Personas: SQL Traits

SQL Traits give you the flexibility of querying your data warehouse and importing the resulting user or account traits into Personas. This is useful for several use cases including:

  • Creating audiences on cloud source data like Zendesk or Salesforce
  • Importing historical traits
  • Calculating advanced traits

Quickstart

Step 1. Set up a warehouse source

We currently support Redshift, Postgres, BigQuery, and Snowflake as data warehouse sources for SQL traits.

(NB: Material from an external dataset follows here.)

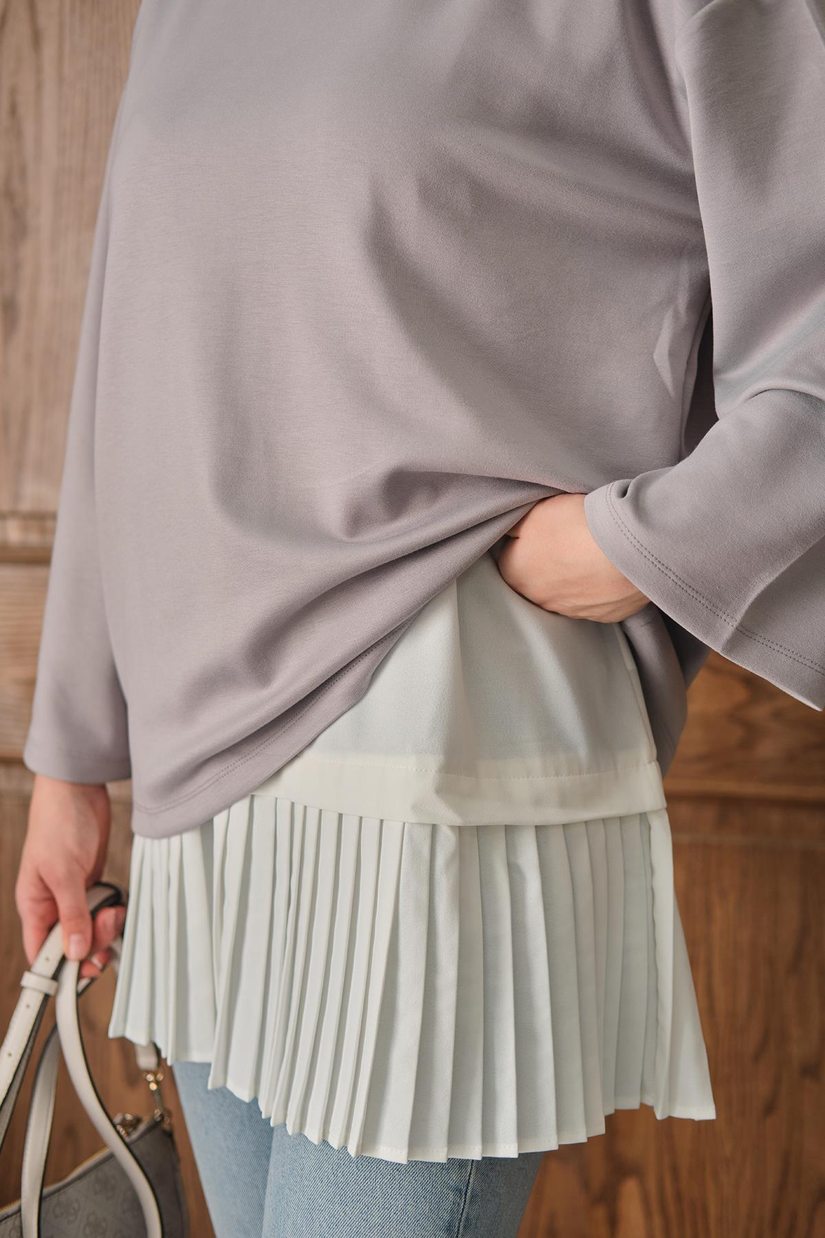 Sıfır Kol Pileli İçlik Beyaz

Redshift, Postgres, Snowflake Setup

If you don’t already have a data warehouse already, please follow the steps here first:

Once your warehouse is up and running, add a new warehouse source from the Personas settings. For Redshift this might look like this:

Then provide your connection credentials, and then save. We recommend you create a separate read-only user for SQL traits.

BigQuery Setup

To connect BigQuery to Segment SQL Traits, you will need to create a service account for Segment to use.

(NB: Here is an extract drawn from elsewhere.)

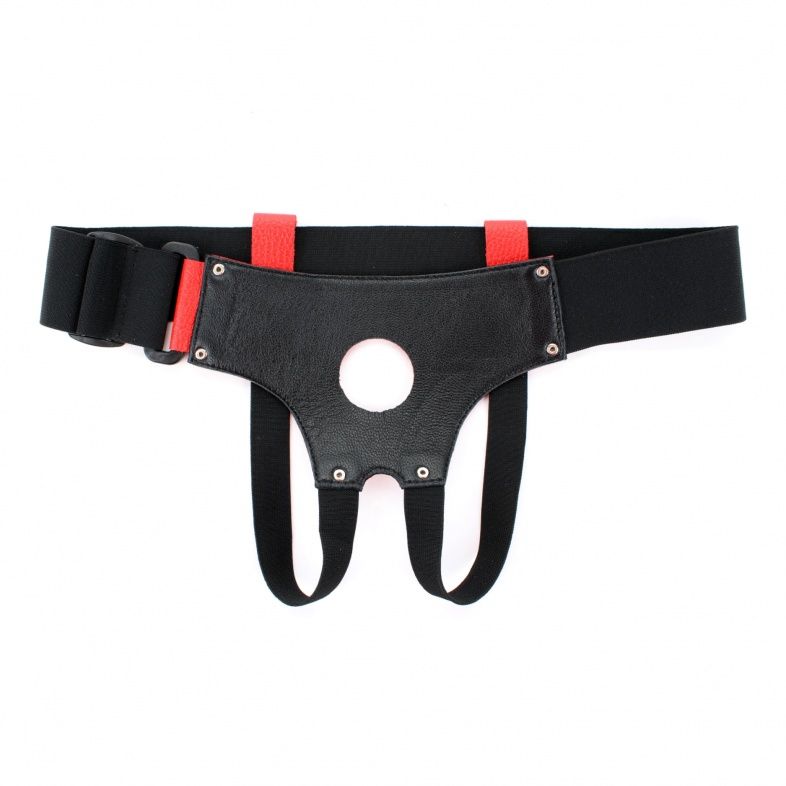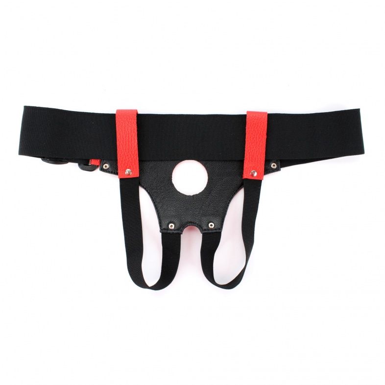 Красно-черные кожаные трусики для насадок - lovestoryshop.ru

  1. Navigate to the Google Developers Console. Before proceeding, click on the drop down to the left of the search bar and select the project to which you want to connect.

NOTE: If you do not see the project you would like to connect to listed in the drop down, click on the account switcher in the upper right corner of the window and ensure you are logged in to a Google account that is a member of the project.

  1. Click on the hamburger menu in the upper left and select IAM & Admin and then Service accounts. Click the Create service account button.

  2. Give your new service account a name. Under Project Role, add only the BigQuery Data Viewer and BigQuery Job User roles.

IMPORTANT: We suggest adding only the BigQuery Data Viewer and BigQuery Job User roles to your service account. Adding other roles to your service account may prevent Segment from being able to connect.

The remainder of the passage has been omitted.